- _TASK DESCRIPTION_
A faithful copy is needed of the lines below from the one with "up after them." up to and including the one with "近日,富源小貸榮獲省財政廳頒"; set it down with no pictures and no other lines.

[DATASET ENTRIES]

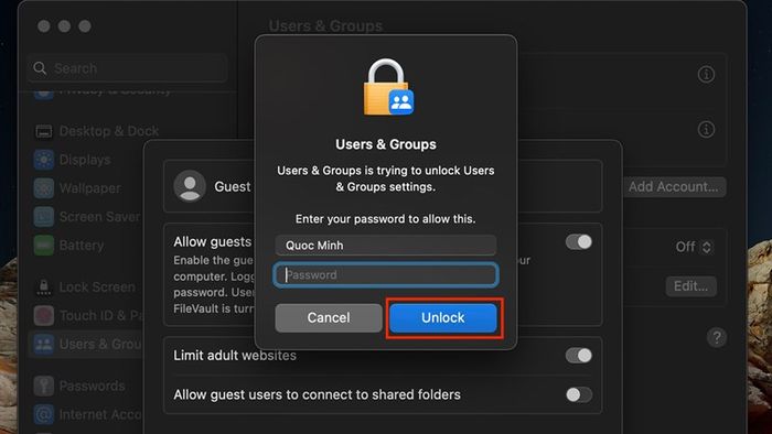 Step 3: After clicking Done, your computer will prompt you to enter your password to confirm > enter your password > then click Unlock to confirm.
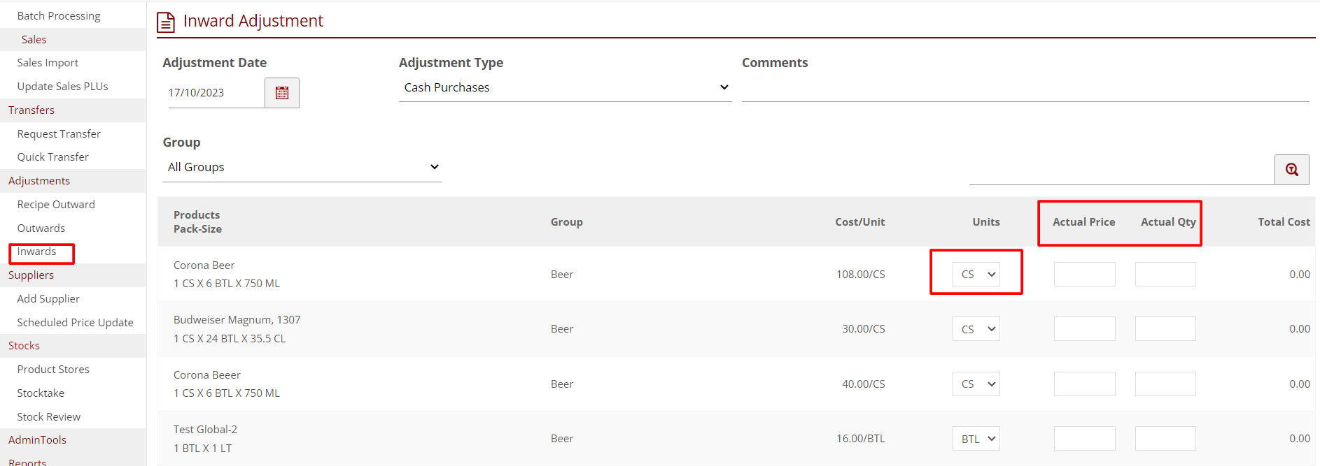 This feature can be used to record any petty cash bought items like store purchases. For recording petty cash, go to Inward Adjustment. Select the Adjustment Date, Adjustment Type, and record the adjustment against the respective product. The unit can be changed if needed, Price & Qty needs to be entered. Once done, click Finish Adjustments to save it. Since this is an adjustment, it will not have any impact on the product prices in reports even if it is on the weighted average inventory method.
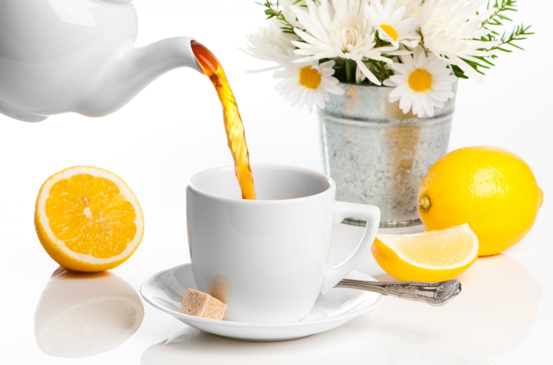 Thé au citron sur fond de seau avec des margueritesThé au citron sur fond de seau avec des marguerites
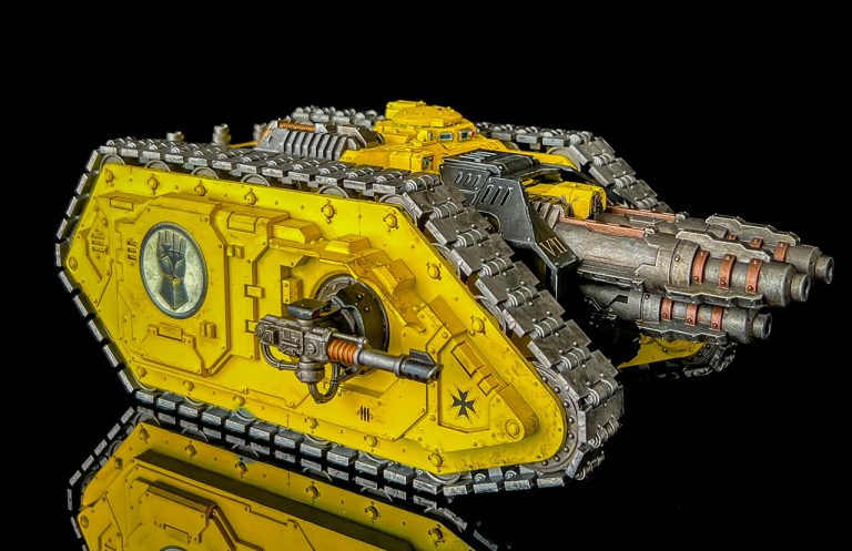 - Light drybrish Iron Warriors around edges of the tank
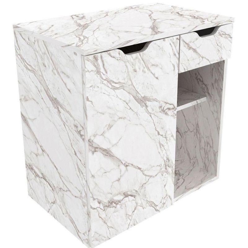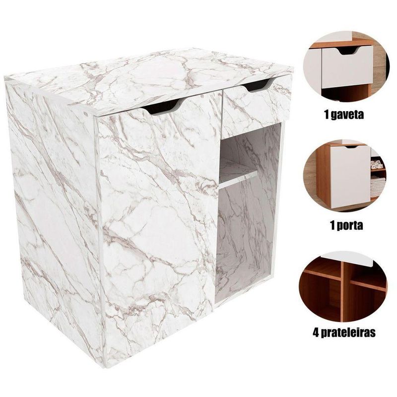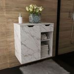 Gabinete De Banheiro 60 Cm 1 Porta 1 Gaveta Romana Mármore BrancoO Gabinete de Banheiro Romana de 60 cm traz um visual elegante com design moderno que valoriza qualquer ambiente. Seu acabamento em pintura UV garante um toque sofisticado, além de maior resistência e durabilidade ao móvel. Com estrutura robusta em mdp, o gabinete alia estilo e funcionalidade na medida certa para banheiros compactos ou médios.Dimensões do Gabinete Suspenso para Banheiro:- Altura: 61,5 cm- Largura: 60 cm- Profundidade: 38,7 cmCaracterísticas do Armário de Banheiro Suspenso 60 cm:- Estrutura em mdp;- Acabamento em pintura UV;- 1 porta de bater;- 1 gaveta com corrediça metálica;- 4 prateleiras;- Suporta 10 kg tampo e 3 kg cada prateleira/gaveta;- Não acompanha cuba;- Não acompanha objetos de decoração;- Não nos responsabilizamos pela montagem dos produtos. Todos os produtos acompanham acessórios para que sejam montados.- Não nos responsabilizamos, no ato da entrega, por subir escadas/elevadores ou transporte por guincho em apartamentos. Eventuais despesas são de responsabilidade do comprador;- Confira as dimensões deste produto e certifique-se de que passará normalmente por supostos elevadores, portas, escadas e/ou corredores de sua residência- Não aceitamos devolução após o período de arrependimento de 7 dias corridos.Características Gerais do Produto: - Altura: 61,5 cm - Ideal para: Banheiro - Informações Adicionais: 1 gaveta com corrediça metálica/4 prateleiras/Não acompanha cuba - Largura: 60 cm - Material: Estrutura em MDP - Portas: 1 Porta - Profundidade: 38,7 cm - Tipo de Porta: Porta de Bater - Acabamento: Acabamento em pintura UV - Informações Adicionais: - Não nos responsabilizamos pela montagem dos produtos. Todos os produtos acompanham acessórios para que sejam montados. - Não nos responsabilizamos, no ato da entrega, por subir escadas/elevadores ou transporte por guincho em apartamentos. Eventuais despesas são de responsabilidade do comprador; - Confira as dimensões deste produto e certifique-se de que passará normalmente por supostos elevadores, portas, escadas e/ou corredores de sua residência; - Não aceitamos devolução de produtos com caixas violadas ou materiais danificados, confira a quantidade de volumes e se o que está sendo entregue corresponde com a mercadoria adquirida, não aceitamos devolução após o período de arrependimento de 7 dias corridos.Acompanha o produto: - 1 x Gabinete de Banheiro 60 cm 1 Porta 1 Gaveta Romana Manual de MontagemAcessórios de MontagemGarantia: - 3 Meses
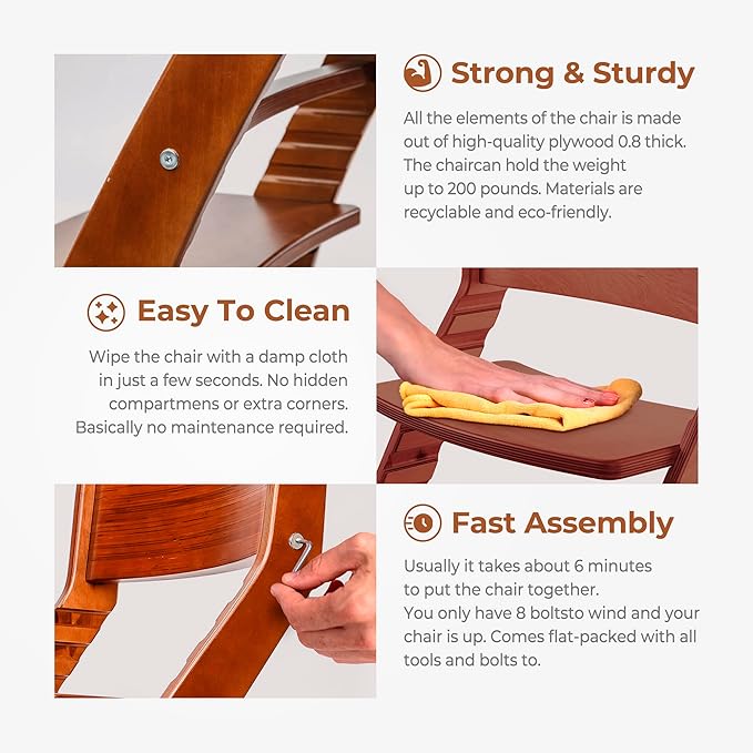 • 🧽 STRESS-FREE CLEANUP: Designed for real life with kids. The smooth, lacquered surfaces wipe clean in seconds. No fabric crevices to trap food, no complicated parts to disassemble. More time enjoying meals, less time cleaning up after them.
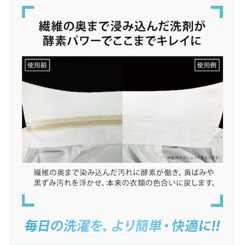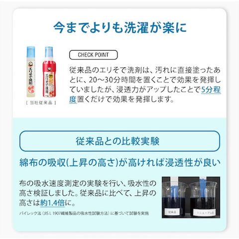・落ちにくいエリやそでの嫌な汚れを落とします。・自社従来品と比較して、浸透力が1.4倍アップし、時間が経った汚れも落ちやすいです。・幅広の塗口に改良し、サッとひと塗り。皮脂汚れには酵素が働く。
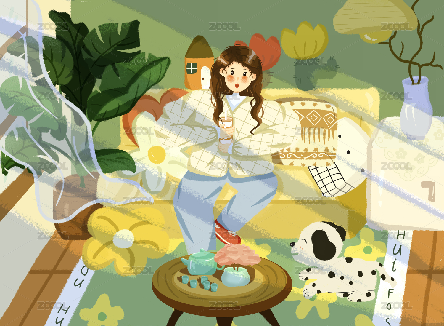 温暖午后,扁平插画
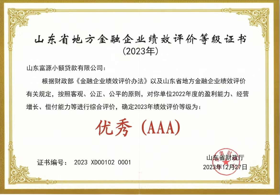 近日,富源小貸榮獲省財政廳頒發(fā)的2023年山東省地方金融企業(yè)績效評價“優(yōu)秀(AAA)”等級證書,這是公司連續(xù)5年獲此殊榮。
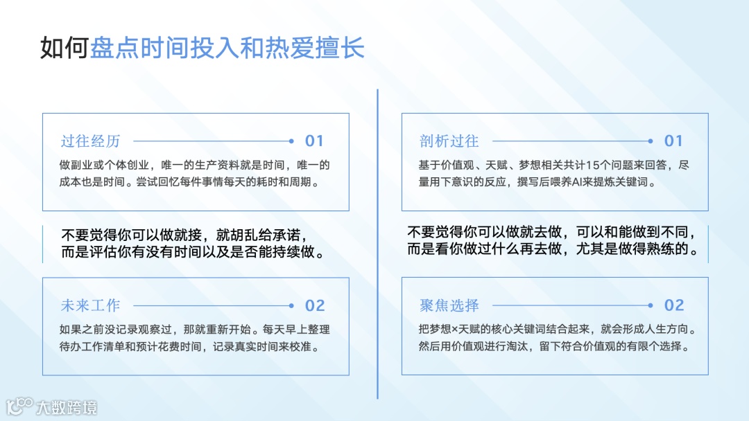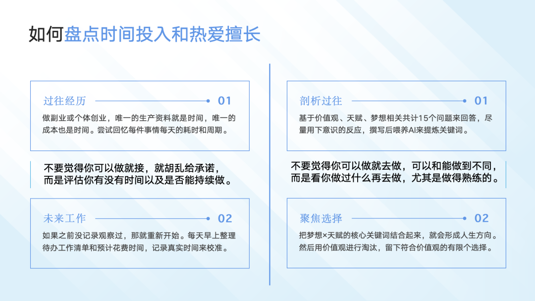 盘点个人技能的关键在于未来可以将能力转化为可交付的产品或服务。
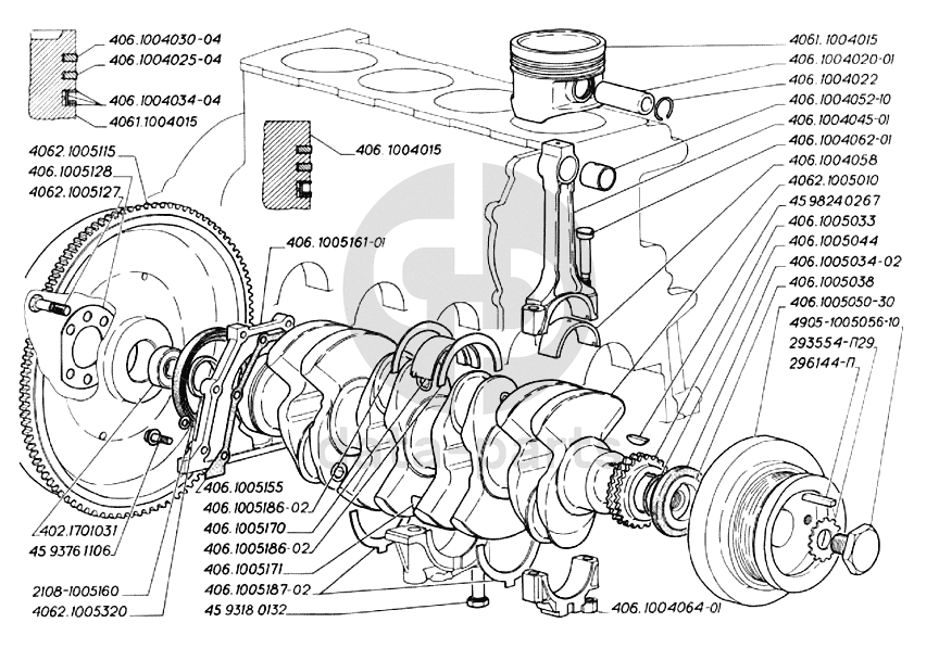Вал коленчатый, поршни и шатуны двигателей ЗМЗ-406 ГАЗ-3302
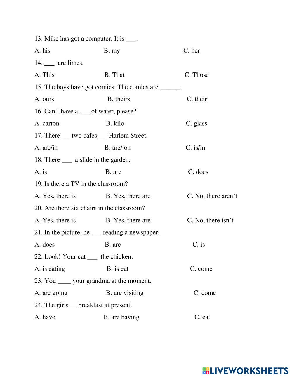 Created by keymeans English as a Second Language (ESL) Final Test Age 11-15 level: UP 2 English Author's Instructions My Google Classroom Courses × 0 classes selected (0 students total) Quick Access Select all classes (0 classes) All Classes Loading courses... Cancel Share Share to selected Course __COURSE_NAME__ __STUDENT_NAME__ (__STUDENT_EMAIL__) FINAL TEST Download Worksheet Validation Check my answers Emails my answers to my teacher Full name Group/level School subject Teacher's email or key code Close Submit Validating worksheet... (12) Your answers have been sent to your teacher. Good luck! OK We encountered an error submitting your answers. Please try again. OK Advertisement | Go Ad Free Created by keymeans English as a Second Language (ESL) Final Test Age 11-15 level: UP 2 English Author's Instructions
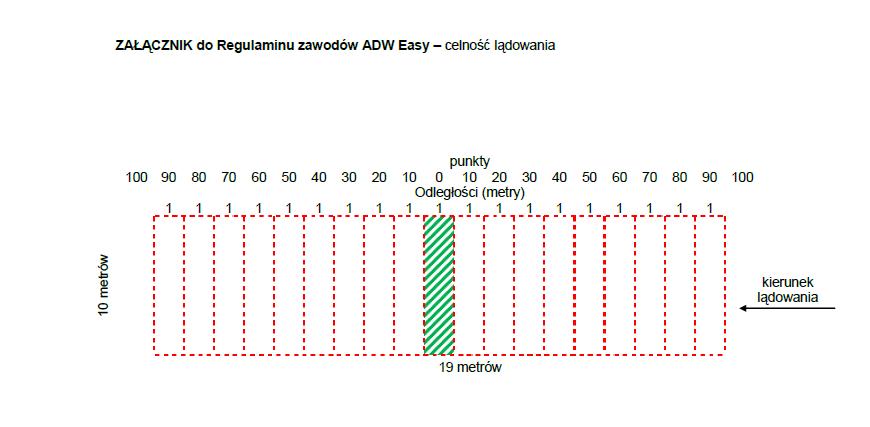 Celność lądowaniaW celu rozegrania tej konkurencji, w miejscu rozgrywania zawodów zostanie wyznaczony obszar jej przeprowadzenia. Obszarem tym będzie prostokąt o wymiarach około 10 metrów (szerokość) i około 19 metrów (długość) – zgodnie z kierunkiem lądowania. Obszarem odniesienia w ocenianiu tej konkurencji jest prostokąt (jego granice) o wymiarach 1 x 10 m (10 metrów – wymiar prostopadły do kierunku lądowania), położony pośrodku wyznaczonego obszaru. Od tego punktu odniesienia (wyznaczonego prostokąta) prowadzone będą wszelkie pomiary zmierzające do przyznania oceny końcowej w tej konkurencji. Za punkt odniesienia, do którego będzie mierzona odległość od obszaru odniesienia jest punkt dotknięcia modelem powierzchni lądowiska (przyziemienie) i nieoderwanie się od niej w końcowym etapie lądowania. Punkt ten ustalają wspólnie wszyscy członkowie komisji. Odbicie modelu od powierzchni lotniska („kangur”) nie jest miejscem przyziemienia. Za tą konkurencję startujący może otrzymać od 0. do 100. punktów, przy czym wynik najniższy jest wynikiem najlepszym. Lądowanie modelu poza przyjętymi granicami obszaru odniesienia oceniane jest na 100 punktów. Warunkiem przeprowadzania pomiaru odległości jest zatrzymanie modelu (pod względem jego osi podłużnej - kadłuba) pod kątem nie większym niż 90 stopni w stosunku do kierunku lądowania. Powyższy warunek oceniają wspólnie wszyscy członkowie komisji. Pomiar odległości (celności lądowania) przeprowadzany jest ustaloną bezpośrednio przed rozpoczęciem zawodów metodą (taśma miernicza, „kroki” itp.). Jedynym, niezbędnym warunkiem w organizacji tej konkurencji jest wyznaczenie obszaru odniesienia (jego granic), od którego będą prowadzone odległości lądowania. Powyższe zasady są graficznie określone w załączniku.
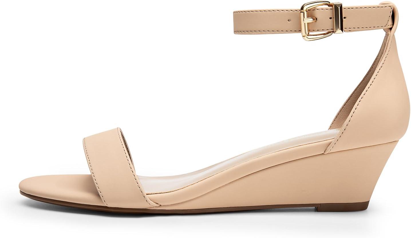 DREAM PAIRS Women’s Ingrid Ankle Strap Low Wedge Sandal(Nude)
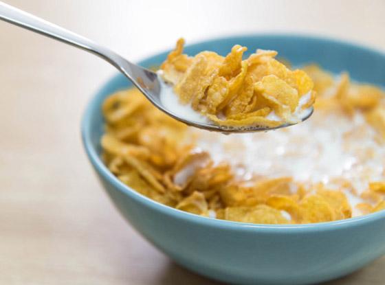 9. حبوب الإفطار: يعتقد كثير من الناس أن حبوب الإفطار (الكورن فليكس) غير ضارة، لكنها في الواقع قد تحتوي على السكر والألوان الصناعية والمواد الحافظة والمنتجات المعدلة وراثيا.

[/DATASET ENTRIES]

- _EXERCISE SOLUTION_
 • 🧽 STRESS-FREE CLEANUP: Designed for real life with kids. The smooth, lacquered surfaces wipe clean in seconds. No fabric crevices to trap food, no complicated parts to disassemble. More time enjoying meals, less time cleaning up after them.
・落ちにくいエリやそでの嫌な汚れを落とします。・自社従来品と比較して、浸透力が1.4倍アップし、時間が経った汚れも落ちやすいです。・幅広の塗口に改良し、サッとひと塗り。皮脂汚れには酵素が働く。
 温暖午后,扁平插画
 近日,富源小貸榮獲省財政廳頒發(fā)的2023年山東省地方金融企業(yè)績效評價“優(yōu)秀(AAA)”等級證書,這是公司連續(xù)5年獲此殊榮。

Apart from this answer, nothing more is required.